Pathological Science

Discuss life, the universe, and everything with other members of this site. Get to know your fellow polywell enthusiasts.

Moderators: tonybarry, MSimon

ladajo
Posts: 6267
Joined: Thu Sep 17, 2009 11:18 pm
Location: North East Coast

Post by ladajo »

Choff,

I'm interested in your take on ending prohibition.

Was ending alcohol prohibition a losing proposition? If not why wouldn't you expect similar gains from ending drug prohibition?

Prohibition is a vector for spreading drug use.
Simon,
Part of the core of your argument is that Alcohol is way more dangerous than other drugs. So, it would seem to be false logic to try and say that by legalizing alcohol, it made things safer and better. You are trying to use (while patently ignoring other relevant data) some commentary and stats on alcohol being the greater today. Well it is "legal", but still controlled, and still causes some problems. You really are off base to think that more addictive and mentally disruptive substances are going to go better. The average person can have a few drinks, feel a buzz, and not a disruptive craving to go back for more. While with drugs, that desire and craving to go back for more is at higher levels, and risk. and with some substances, so much so that some folks can become hooked with minor use.

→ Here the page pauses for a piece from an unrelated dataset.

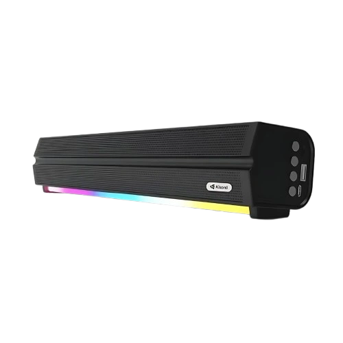 The Kisonli LED-802 is a portable, retro-styled Bluetooth soundbar with RGB lighting, featuring 10W total output (5W x 2), Bluetooth 5.3, a 1500mAh battery (3-5 hrs playtime), and multiple inputs like TF Card, USB, AUX, FM Radio, and Hands-Free Calls, offering versatile audio with dynamic lights for computers, phones, and parties, all in a plastic build with a bass horn.

You can not see the forest for the trees on this one. You are arguing individual trees, and calling it a forest. In that the primary point of your methods, as I have said before you are using indoctrination techniques with movement into propaganda, and to be fair, not at a very skilled level. You sound more like a child that thinks if they keep saying something over and over it will become true.
The development of atomic power, though it could confer unimaginable blessings on mankind, is something that is dreaded by the owners of coal mines and oil wells. (Hazlitt)
What I want to do is to look up C. . . . I call him the Forgotten Man. (Sumner)

paperburn1
Posts: 2488
Joined: Fri Jun 19, 2009 5:53 am
Location: Third rock from the sun.

Post by paperburn1 »

A Russin freind of mine had a quote that I liked and fits with Simon
"For someone that hates the beast you feed quite well from its tit."

GIThruster
Posts: 4686
Joined: Tue May 25, 2010 8:17 pm

Post by GIThruster »

choff wrote: I wasn't so much reacting to the drug legalization debate as the tactics people use in support of their debate positions, should have mentioned both left with right.
I see danger in Saul Alinsky's rules, he doen't want to recruit do-gooders, he wants to attack individuals, the ends jusify the means, and encourage your people to use tactics they like(probably attacking individuals).
That means that when he wins his conflict his no-gooders that enjoy attacking individuals are in charge, and all they really know is how to hurt people.
The same is true of the radical feminist Mary Daly, who taught very specifically that women should tap into their anger and hatred in order to be motivated to create change. Daly is standard reading in "womens' studies" classes in many universities despite what she's teaching is certainly hate speech. This has the problem you note--if you empower people through hatred or otherwise immoral means, you will always get an unsavory result. You can see this in the gay rights movement as well. Gay pride parades where people dress in leather and flaunt their sexuality in public has set gay rights back decades. Many people who are otherwise extremely tolerant of such differences are moved to defensiveness when someone's deviancy is forced into their faces by angry people, and who can blame them?
"Courage is not just a virtue, but the form of every virtue at the testing point." C. S. Lewis

GIThruster
Posts: 4686
Joined: Tue May 25, 2010 8:17 pm

Post by GIThruster »

MSimon wrote: I do actually have a job. Two of them.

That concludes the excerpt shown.